Sağlık Kontrolü: 03.05.2025 Cuma Molnar Randevumuz 09:00'da idi. Biz daha önce korona aşısı yaptırmamıştık. Bu nedenle ilk aşımızı 28.04.2024'te hastanede yaptırdık. Tek doz olması sebebiyle burada tekrar etmek istedim. verdiğimiz belgeler: - Pasaportlarımız konsoloslukta olduğu için, pasaportun aslı değil fotokopileri (bunu gitmeden önce sormuştuk, onlar da ilk sayfalarının fotokopisinin yeterli olacağını söyledi) - korona aşı kartı - bağışıklık kan testi sonucu (biz geçen sene yaptırmıştık, bu sene tekrar gittiğimizde intaniye doktoru yaptırdığımız testin ömür boyu geçerliliği olan bir sonuç olması sebebiyle aynı değerlere tekrar bakmadı. Molnar da tarihe takılmadı.) - eşim sağlık ocağından aldığım TDAP aşısı olmuştur ibaresinin yer aldığı ıslak imzalı kağıdı, İngilizce çevirisi ile birlikte; ben de uluslararası aşı kartını (hudut sağlığından alınan sarı defter, içinde daha önceki senelerde yapmış olduğum geziler için sarı humma vb. ile TDAP aşısının yapıldığına dair imza ve ilgili aşının barkodunun yapıştırılmış olduğu) sunduk.
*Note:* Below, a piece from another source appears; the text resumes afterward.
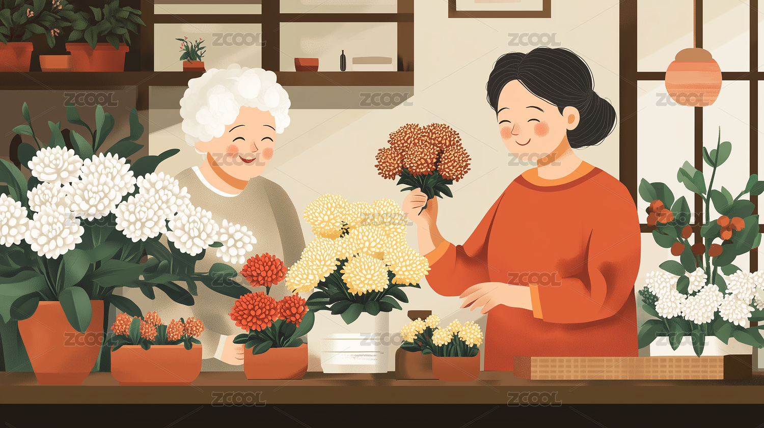 AIGC202406,重阳节,陪伴,老人,关怀,尊敬,花,室内,长袖,拿着

Beklerken form doldurduk, sonra onlar bilgisayarda bizimle ilgili form doldurup fotoğraflarımızı çektiler. Yüz yüze görüşmede, doktor asistanı bize ameliyat, göz bozukluğu, psikolojik problemlerimiz vb. olup olmadığını sordu. Aşılarımız üzerinden geçerken, yeni çıkan bir durum olarak (ki 26.04.2024'te email gelmişti bununla ilgili ama o sıra işlemler peşinde koştuğumuz için ilgilenemedik) polio aşısının yetişkinlerde 3 doz istendiğini, bizim bağışıklık kan testinde polio olmadığını, bununla ilgili bir belge de sunmadığımız için ya polio aşısı yapması gerektiğini ya da bağışıklı testi yaparak sonuca göre (ki bunun da sonucunun gelmesinin uzun sürebileceğini) hareket etmesi gerektiğini söyledi. Paşa paşa aşımızı olduk (kişi başı 40 euro). Eklemem gerekir ki; benim uluslararası aşı kartında polio aşısı da vardı. Ancak onu da tek doz olduğu için doktor asistanı kabul etmedi. doktor asistanı kanımızı aldı ve sonra gelen doktor da muayene etti. Muayenemizde de, sadece sırt üstü uzanarak refleks testi (evet biz de anlamadık) ve aşımız yapıldı. oradan da röntgen merkezine gittik. oldukça detaylı bir kağıt hazırlamışlar yeri anlatabilmek için, ama forumdaki anlatımlardan elimizle koymuş gibi bulduk. Buradaki sıra bekleme durumu günden güne değiştiği için çok detaylı anlatmama gerek yok sanırım. Totalde bir buçuk saatte işimizi hallettik ve çıktık. İşlemlerimiz cuma günü bitmiş oldu.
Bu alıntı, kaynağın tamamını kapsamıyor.